当時のプロイセン政府はルター教会と結びついていました。フランス革命の勃発前から、フランスでの啓蒙主義運動の高まりに対抗するように検閲令や宗教勅令を発して、ドイツでの啓蒙思想の流行を抑えようと必死になっていました。これに対してカントは、理性宗教の立場を唱えて、特定の宗派 (啓示という歴史的事実に依拠する経験的宗教) を越えた普遍的な宗教的連帯の必要性を訴えていたのです。カント自身は啓示宗教を否定したり批判したつもりはなかったのですが、政府はこれを危険な思想とみなし、カントには厳しい禁令が下されました。当時の人々はカントにさらに重い処分 (禁書、解雇、投獄等) が下されるのではないかと心配していたようです。

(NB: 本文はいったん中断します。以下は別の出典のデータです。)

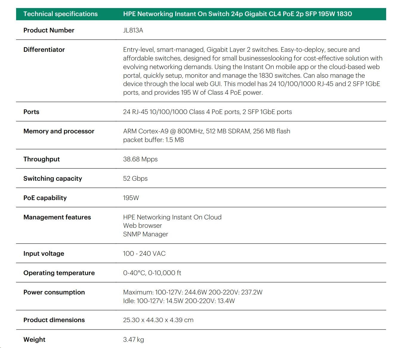 | Aruba Instant On 1830 8G Switch (JL810A) | Aruba Instant On 1830 8G 4p Class4 PoE 65W Switch (JL811A) | Aruba Instant On 1830 24G 2SFP Switch (JL812A) | Aruba Instant On 1830 24G 12p Class4 PoE 2SFP 195W Switch (JL813A) | Aruba Instant On 1830 48G 4SFP Switch (JL814A) | Aruba Instant On 1830 48G 24p Class4 PoE 4SFP 370W Switch (JL815A) | ||||

このような弾圧に直面してカントはどう対処したのでしょうか。カントはこのような状況下でも言論の力 (説得による理性的・平和的改革) を信じたのでした。翌1795年、カントは 『永遠平和のために』 を出版します。これが禁令後はじめてのカントの公的発言になったわけですが、その中身は徹頭徹尾、政治に対する哲学的提言 (理想主義的立場からする現実政治の批判) となっています。当時の政府が宗教的発言を禁じたのは、それが政治批判へとつながりかねないからでした。しかしカントはまさにその点を逆手にとって、自分が禁じられたのは宗教・神学に関する発言である、だからそれに関しては口をつぐみ、自分は法や政治を論じるのだ、と自己の行為を正当化しつつ、堂々と政治哲学書の刊行に及んだのです。たしかにこれは理屈上は合法的な行為でしたが、これを政府がどのように受け止めるかは明々白々でした。つまりこの出版行為そのものが、政府の蛮行に対するカントの抵抗だったと言えるのです。以下、『永遠平和のために』 の内容を見ていくことにしましょう。
Ⅱ.政治的最高善としての永遠平和
カントは理想的国家のあり方ばかりでなく、国際的な平和秩序の構築についても思索をめぐらせました。この点がホッブズやロックと決定的に異なる点です。カントは 「いかなる戦争もあるべからず」 と断言した、世界史の中でも稀有な思想家の一人です。カントにとっては 「永遠平和」 が政治的な究極目的です。『永遠平和のために』 はそのような理想主義的な観点から政治のあるべき姿を論じた書物でした。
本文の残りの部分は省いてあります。